Based on the guidelines issued originally by FAO/WHO (FAO/WHO, 1980), adopted by many countries, the omega-6 intake as linoleic acid (18:2n6) should be 3% of calories, which corresponds to about 9 grams per day. A further requirement that the intake of alpha-linolenic acid should be 0.5% of calories has been adopted by some Governments, and with upper and lower limits of 10:1 and 4:1 for the ratio of linoleic to alpha-linolenic acids. The FAO (FAO, 1995) has now also stated that the ratio of linoleic to alpha-linolenic acids should be in the range of 5:1 to 10:1. To achieve these requirements on a normal diet requires a minimum fat intake of 22% of calories, based on carefully selected edible oils (Jones, 1994).

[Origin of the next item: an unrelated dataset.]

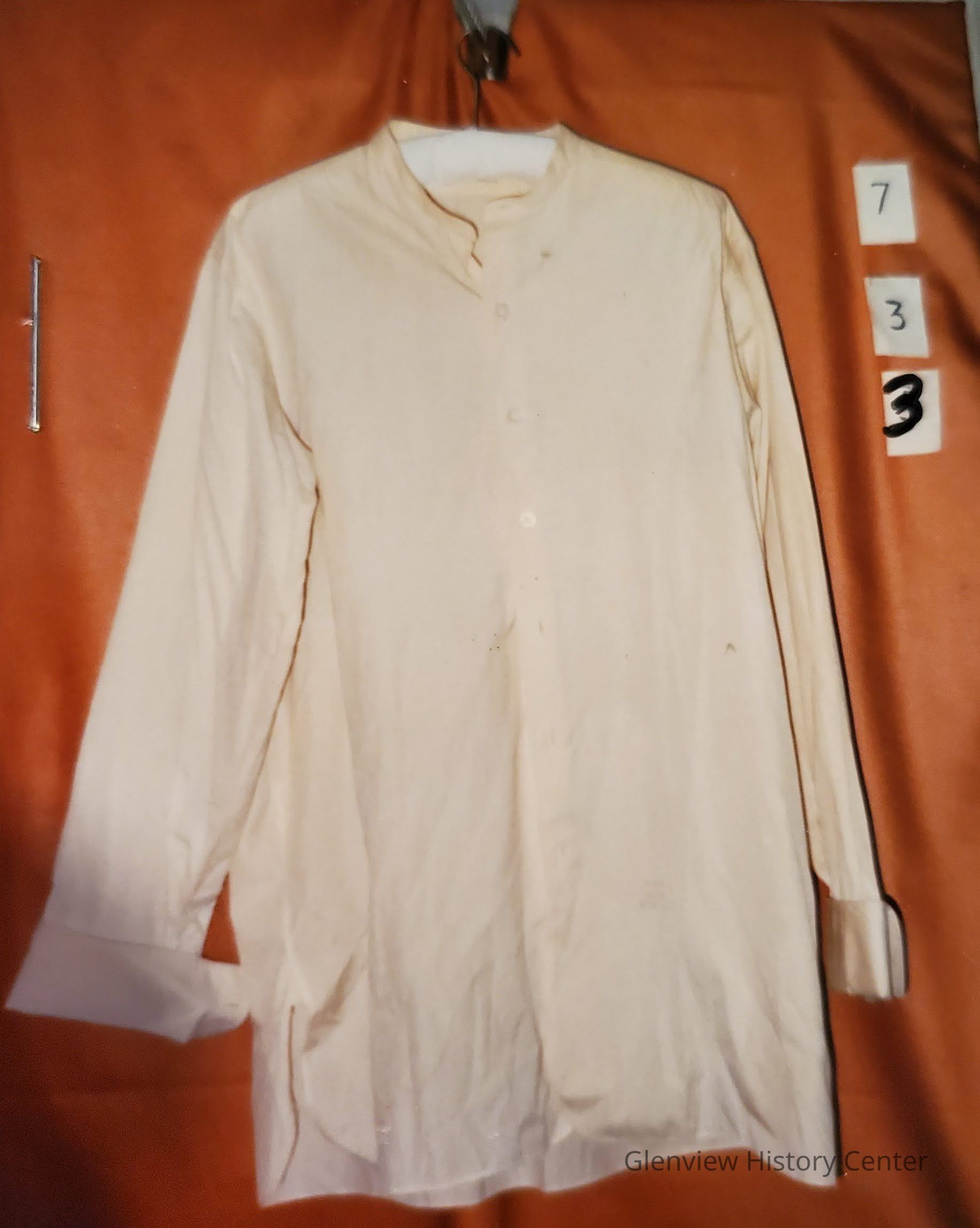 Cream color cotton shirt with 1/2" stand-up collar, long sleeve, french cuff with 2 button holes.

HOWEVER (and this is important), this minimum is based on an intake of fat that is approximately 1/3rd saturated, 1/3rd mono-unsaturated and 1/3 polyunsaturated, AND DOES NOT CONTAIN SYNTHETIC TRANS FATTY ACIDS (the unnatural fatty acids that are found in partially hydrogenated domestic oils) or red meat. If more saturated fatty acids are consumed, or if red meat is a significant part of the diet, then an increased amount of poly-unsaturated fatty acids must also be consumed, to ensure that EFA deficiencies do not develop, so the minimum goes up!
Saturated fats therefore increase EFA requirements, but provided that the amount of EFA in the diet is adequate, the saturated fats do no harm. The original studies that showed bad effects of saturated fats on blood lipids were mostly flawed (Grundy, 1991), since they did not allow for EFA status or the presence of trans fatty acids in the diet.